I nodded, seeing her turn without a word and go toward a vanity with a large oval mirror, taking up an ivory telephone. And in the mirrored instant I saw myself standing between her eager form and a huge white bed, myself caught in a guilty stance, my face taut, tie dangling; and behind the bed another mirror which now like a surge of the sea tossed our images back and forth, back and forth, furiously multiplying the time and the place and the circumstance. My vision seemed to pulse alternately clear and vague, driven by a furious bellows, as her lips said soundlessly, I'm sorry, and then impatiently into the telephone, "Yes, this is she," and then to me again, smiling as she covered the mouthpiece with her hand, "It's only my sister; it'll only take a second." And my mind whirled with forgotten stories of male servants summoned to wash the mistress's back; chauffeurs sharing the masters' wives; Pullman porters invited into the drawing room of rich wives headed for Reno -- thinking, But this is the movement, the Brotherhood. And now I saw her smile, saying, "Yes, Gwen, dear. Yes," as one free hand went up as though to smooth her hair and in one swift motion the red robe swept aside like a veil, and I went breathless, at the petite and generously curved nude, framed delicate and firm in the glass. It was like a dream interval and in an instant it swung back and I saw only her mysteriously smiling eyes above the rich red robe.

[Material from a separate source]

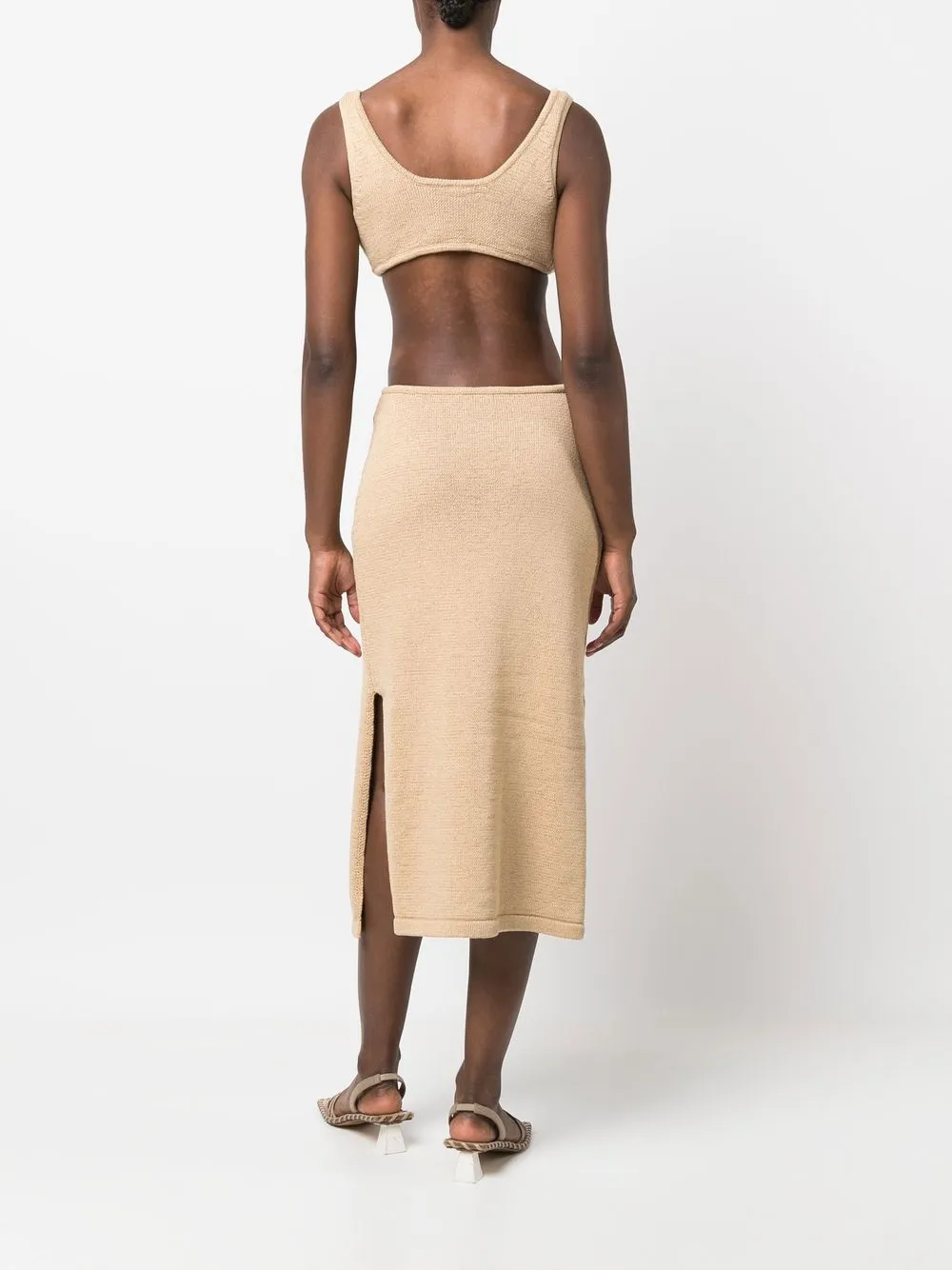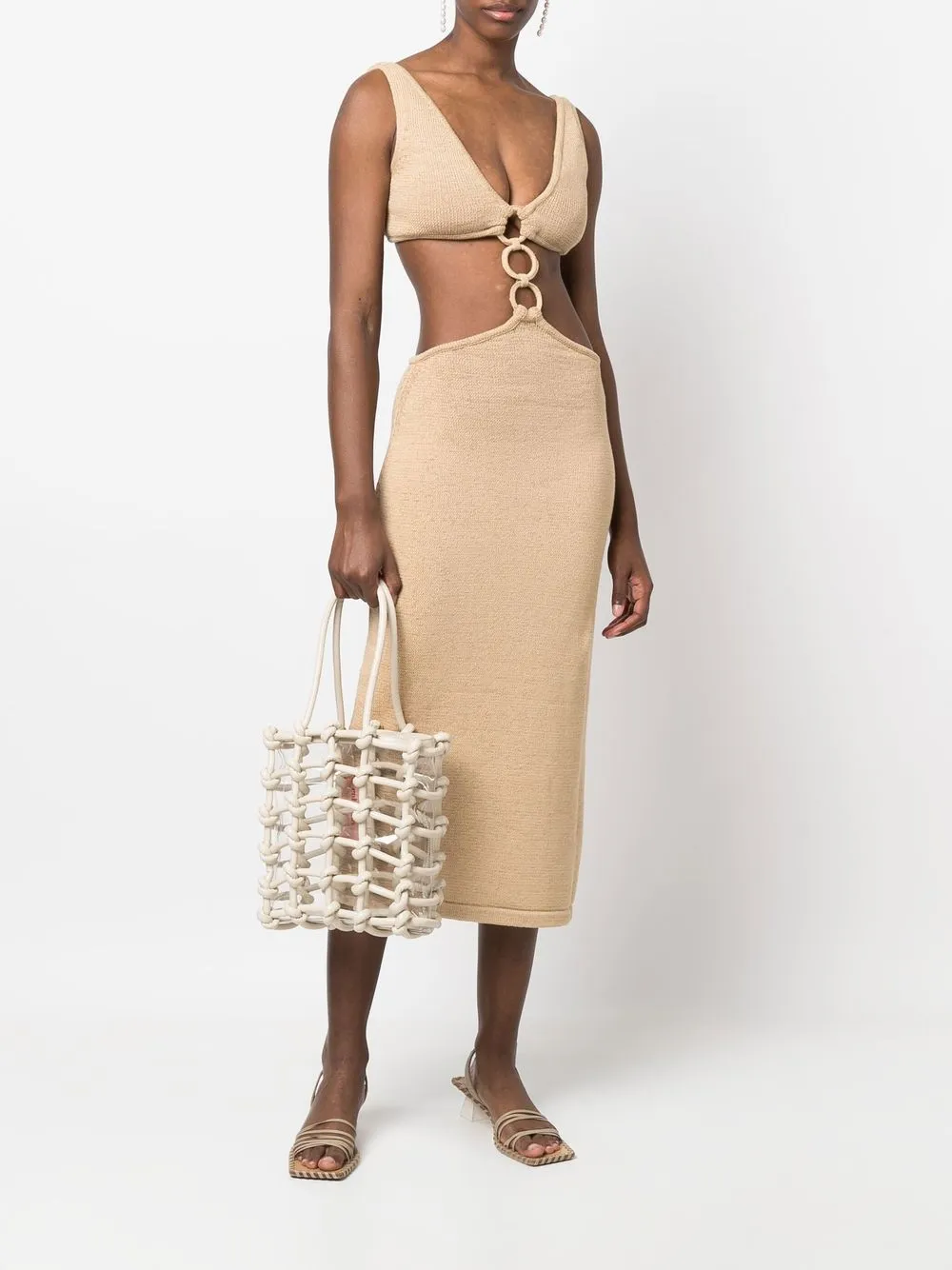 Песочный, смесовый хлопок, V-образный вырез, открытая спина, без рукавов, боковые разрезы и длина миди.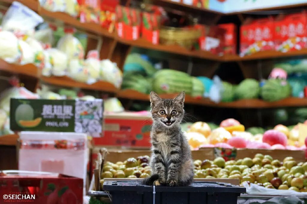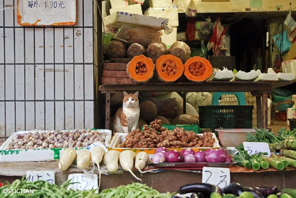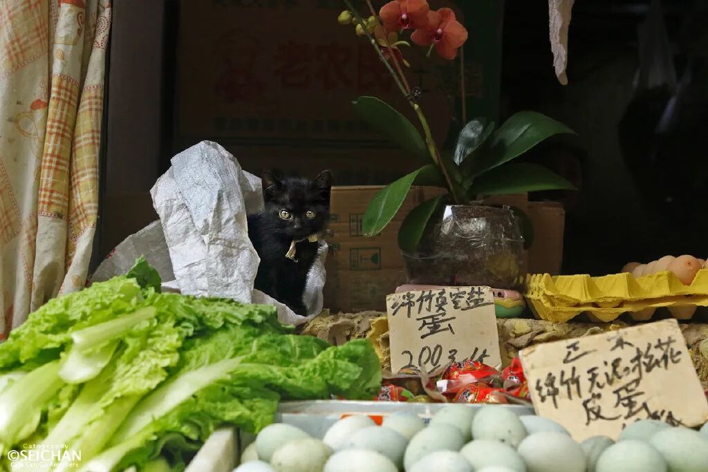 充满烟火气的一组照片:成都菜市场里的“老板喵”(摄影:SEICHAN_)

I was heading for the door, torn between anger and a fierce excitement, hearing the phone click down as I started past and feeling her swirl against me and I was lost, for the conflict between the ideological and the biological, duty and desire, had become too subtly confused. I went to her, thinking, Let them break down the door, whosoever will, let them come.

I DIDN'T know whether I was awake or dreaming. It was dead quiet, yet I was certain that there had been a noise and that it had come from across the room as she beside me made a soft sighing sound. It was strange. My mind revolved. I was chased out of a chinkapin woods by a bull. I ran up a hill; the whole hill heaved. I heard the sound and looked up to see the man looking straight at me from where he stood in the dim light of the hall, looking in with neither interest nor surprise. His face expressionless, his eyes staring. There was the sound of even breathing. Then I heard her stir beside me.